DIRECTIONS:
Lines from the one with "Tính từ 27/4" up to and including the one with "30cm インド刺繍リボン チュール 花柄 #pw92" are to be copied exactly from the records below, without their pictures.

RECORDS SUPPLIED:
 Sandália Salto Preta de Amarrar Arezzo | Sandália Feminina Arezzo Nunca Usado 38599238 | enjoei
--
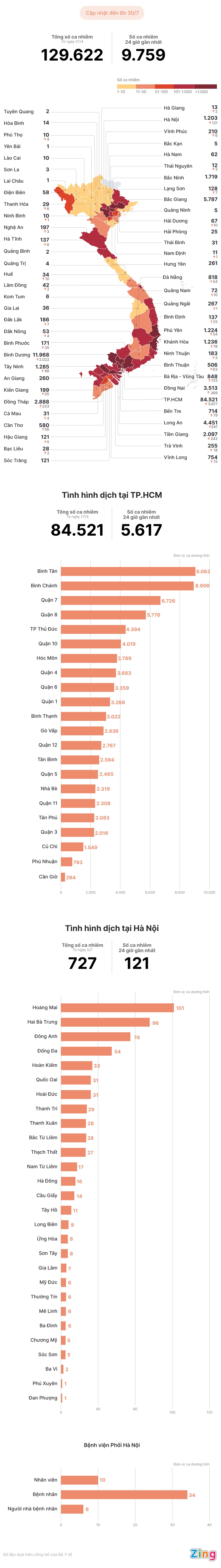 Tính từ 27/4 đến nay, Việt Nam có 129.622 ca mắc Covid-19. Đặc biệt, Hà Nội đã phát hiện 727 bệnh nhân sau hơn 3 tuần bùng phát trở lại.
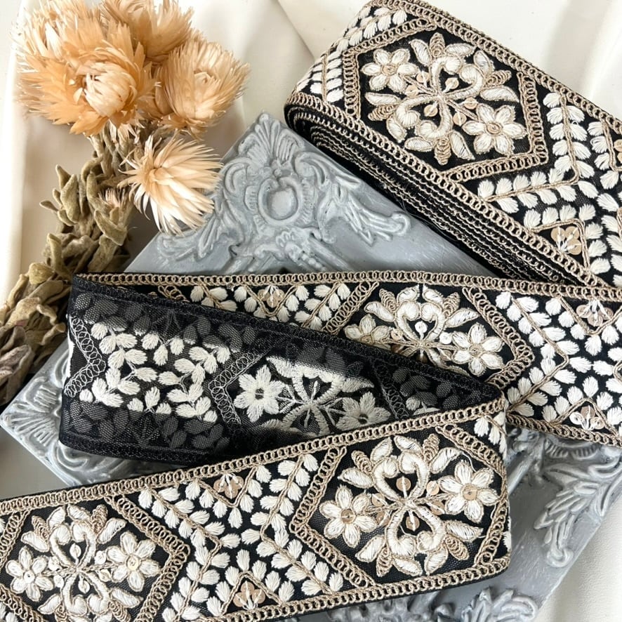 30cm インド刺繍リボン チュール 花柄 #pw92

RESULT OF THE TASK:
 Tính từ 27/4 đến nay, Việt Nam có 129.622 ca mắc Covid-19. Đặc biệt, Hà Nội đã phát hiện 727 bệnh nhân sau hơn 3 tuần bùng phát trở lại.
 30cm インド刺繍リボン チュール 花柄 #pw92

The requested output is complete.